NormanS
Premium,MVM
join:2001-02-14
San Jose, CA
 ·Pacific Bell - SBC
| reply to KKoch
Re: Has AT&T and/or Yahoo started filtering Spam?
said by KKoch :
Just got confimation today that an email from a family member to me was blocked by AT&T and returned to them as undeliverable spam.
Did the NDR actually say something about "spam", or just about non-deliverable email.
Other family members received the email without any problems. They're not using AT&T.
There was no message in my AT&T trash folder about a blocked email. So I couldn't 'unblock' it if I wanted to.
Email that is rejected by the domain gateway (MX) server will not result in a message to the recipient about non-deliverable email.
At this point I would like to ask AT&T to at least give me the option of allowing me to determine if I want spam to be blocked from my personal email since their spam blocking alogrithms(sp) are not 100% effective.
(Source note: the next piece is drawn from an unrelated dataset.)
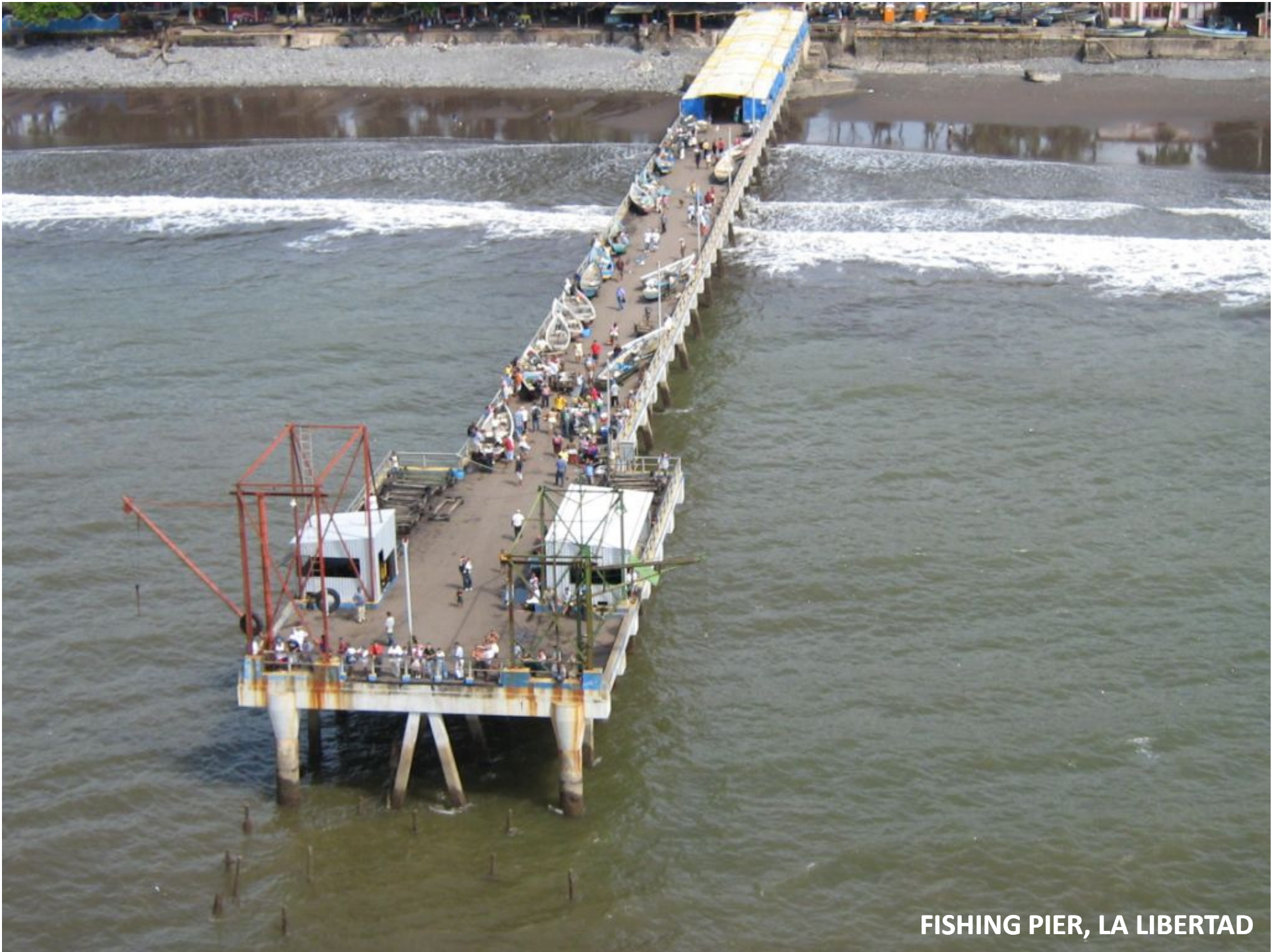
FISHING PIER, LA LIBERTAD

Most email service providers do not offer optional control over filters on the gateway. The domain gateway (MX) server either accepts email for delivery, or rejects it. Without seeing the full text of the NDR, there is no way to tell how to react to it. If the sender is sending email from a mail host on a dynamic IP address, they may need to change how they send. If their mail host is not on a dynamic IP address, there may be a configuration issue on that mail host which needs to be addressed. Either way (or any other way), having the NDR message, in full, would help to analyze what is going wrong.
--
Norman
~Oh Lord, why have you come
~To Konnyu, with the Lion and the Drum |
|
ks_av8r
Premium
join:2003-09-17
Newton, KS
| reply to KKoch
I have not yet experienced this since the recent change, but in earlier days, I had legitimate email wind up in the bulk folder. If I added them to the address book on the web-mail page, subsequent ones would come through. It would be an interesting test to see if their email address was added to the "address book" on the web-mail page, if subsequent email from them would then get through.
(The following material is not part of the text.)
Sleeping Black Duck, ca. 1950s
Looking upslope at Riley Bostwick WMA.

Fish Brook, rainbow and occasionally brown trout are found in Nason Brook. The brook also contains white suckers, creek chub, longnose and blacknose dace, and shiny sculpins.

Maybe a tech could weigh in on this.
Good luck |
|
KKoch
@swbell.net
| reply to sblake
Just got confimation today that an email from a family member to me was blocked by AT&T and returned to them as undeliverable spam. Other family members received the email without any problems. They're not using AT&T.
There was no message in my AT&T trash folder about a blocked email. So I couldn't 'unblock' it if I wanted to.
At this point I would like to ask AT&T to at least give me the option of allowing me to determine if I want spam to be blocked from my personal email since their spam blocking alogrithms(sp) are not 100% effective.
cheers
kkoch |
|
katarina
join:2003-09-07
Houston, TX
| reply to sblake
Instead of the usual 50 or so emails per day being diverted to the BULK folder, mine are now down to a handful every day.
Most of those, however, are legitimate emails from bulk mail type sources and I have to go back to the web interface in order to "train" the spam filters.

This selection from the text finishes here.